Corn futures are higher at midday. The market is being supported by strong weekly export sales and lowered private corn production estimates for Argentina and Brazil. Weekly export sales reported this morning were a marketing year high at 45.8 million bushels, beating pre-report trade estimates. March is 6 1/2 cents higher at $3.64 3/4 and May is 6 1/2 cents higher at $3.75 1/4.

Soybean futures are trading strongly higher at midsession. The market is being supported by some weather forecasts for Argentina turning drier. Support also came from lowered production estimates for South America. The U.S. ag attache lowered the soybean crop estimate for Argentina to 42.5 million tonnes compared to 49.5 million in January. The Brazilian government lowered their production estimate to 57.2 million tonnes from 57.8 million last month. March is 15 1/2 cents higher at $9.65 and May is 15 1/4 cents higher at $9.69.

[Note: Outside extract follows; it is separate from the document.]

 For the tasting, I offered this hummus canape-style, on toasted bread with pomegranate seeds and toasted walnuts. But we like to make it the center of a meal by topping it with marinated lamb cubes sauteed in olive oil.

Wheat futures are up strongly at midday. The market is rebounding from recent losses on spillover support from corn and soybeans and firm outside markets. Weekly export sales reported this morning were improved from recent weeks, but were still only 12 million bushels. Dry conditions remain a concern for the southern Plains, although forecasts are calling for some precipitation. CBOT March is 15 3/4 cents higher at $5.58, KCBT March is 19 1/4 cents higher at $5.89 1/4 and MGE March is 15 1/4 cents higher at $6.52 1/4.

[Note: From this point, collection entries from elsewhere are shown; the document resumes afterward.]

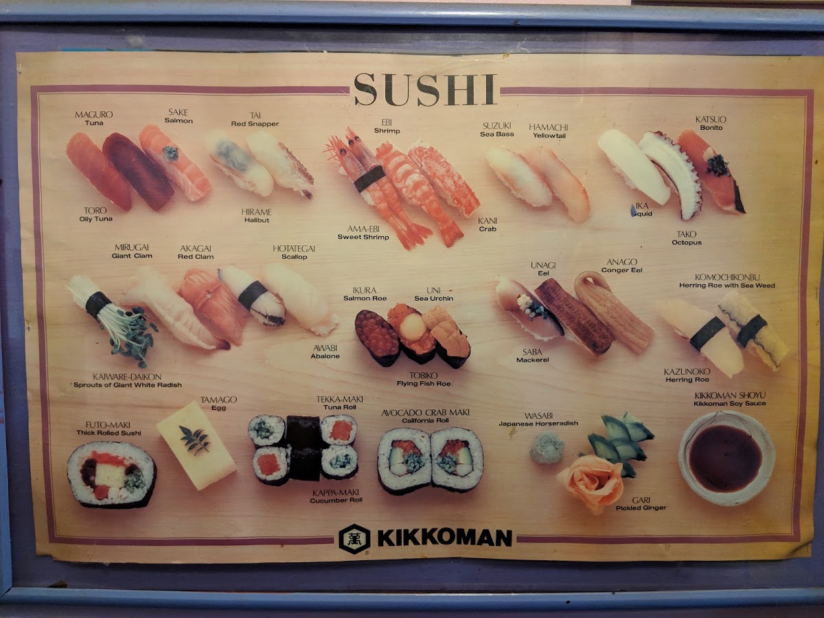 Crab stick, avocado, cucumber, seasame seeds, and masago.
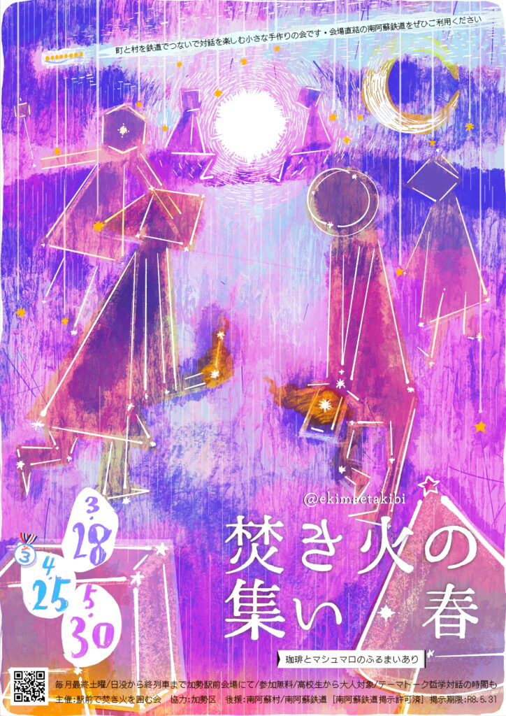 - 2026年3月28日(土)・4月25日(土)・5月30日(土)、南阿蘇鉄道 加勢駅スロープ前会場にて「焚き火の集い・春」が開催されます。
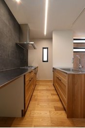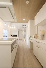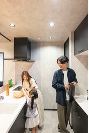 どんな暮らし方をしたいかやライフスタイルをヒアリングしながらプランに反映しているため、家事をラクに行える設計も様々。キッチンの背後から洗面室や浴室につながるプランのほか、室内干しスペースの確保や干す場所と同じフロアに家族分の衣類を収納できるウォークインクローゼットなどを盛り込んで計画。暮らし方に応じてスムーズに家事を行えるようなプランを提案している。
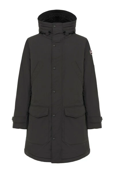 Medium lenght Men s jas met onaantakelijke kap gemaakt door diagonaal mat comfort polyester stof, met waterafstotende behandeling. Inner wordt gemaakt door warme toon-op-tone synthetische vacht. Opgevuld met zachte wadding en met een regelmatige pasvorm. Comfortabele en praktische borstzakken en zijkerszakken. Sluiting met knoppen en kikker bij de manchetten. Met bodem met bodem kunt u de breedte aanpassen. Colmar -patch op linker mouw en
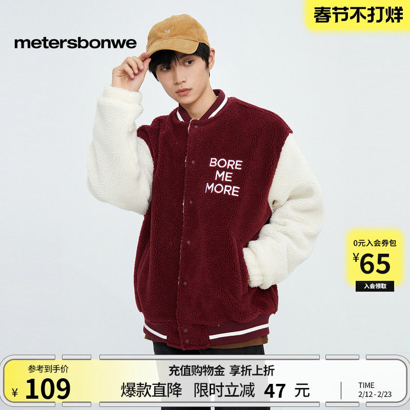 美特斯邦威红色棉衣男秋季新款舒适羊羔绒夹克字母潮流宽松棒球服
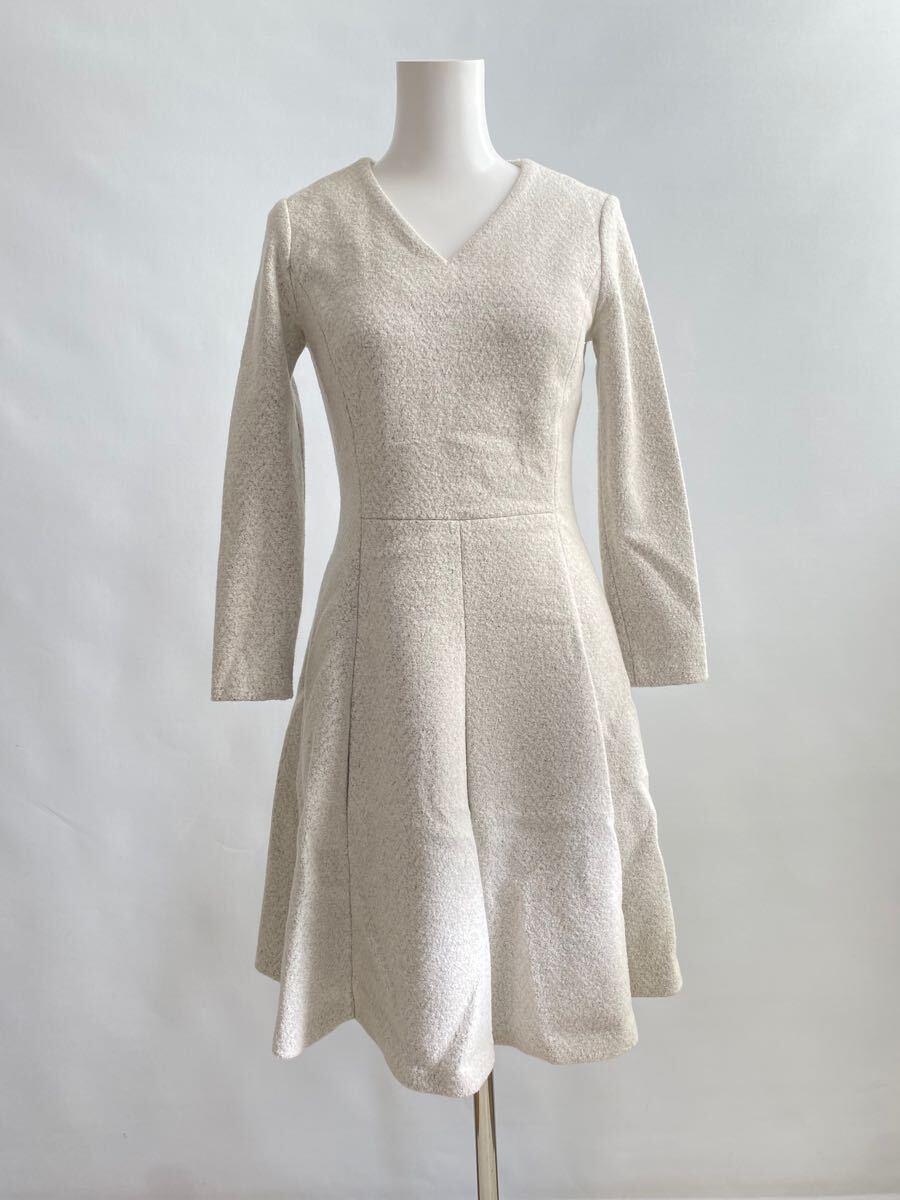 > ★ EPOCA 美シルエット♪ ◆ ウール ワンピース グレー サイズ38 プリーツ ひざ丈スカート 長袖 ドレス エポカ ◆W18 HJN7あ-05
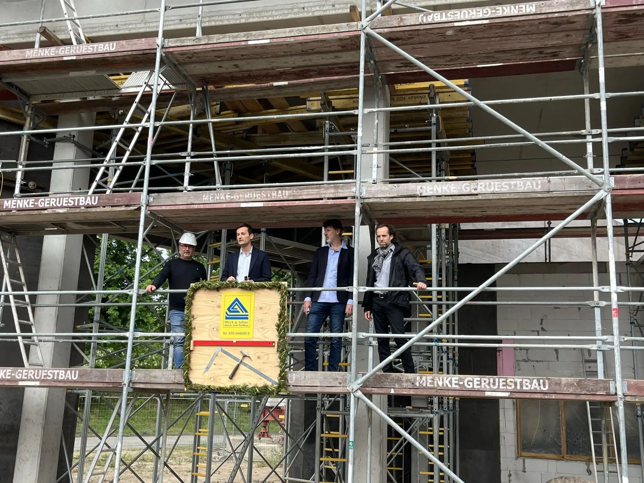 Zusammen mit der BIM Berlin, Bleck und Söhne und vielen Gästen stossen zwei unserer Inhaber David Berner und Stefan Skorupa an!

Cattle futures are trading mixed at midsession. Short-covering and ideas of firm cash trade this week has helped front end contracts rebound from early session weakness. The weak economy and concern about beef demand continues to be an underlying weight on the market. Smaller showlists and positive packer margins are expected to help the cash market be steady to firm this week despite declining beef prices. April is 10 cents higher at $86.05 and June is 28 cents higher at $83.95.

Lean hog futures are lower at midday. Weak cash markets and technical selling are pressuring futures as the April through July contracts hit new lows. Concern about sluggish pork demand is a bearish factor. Although pork cutouts were slightly higher yesterday, packer margins remain negative. April is 80 cents lower at $60.08 and June is 95 cents lower at $72.40.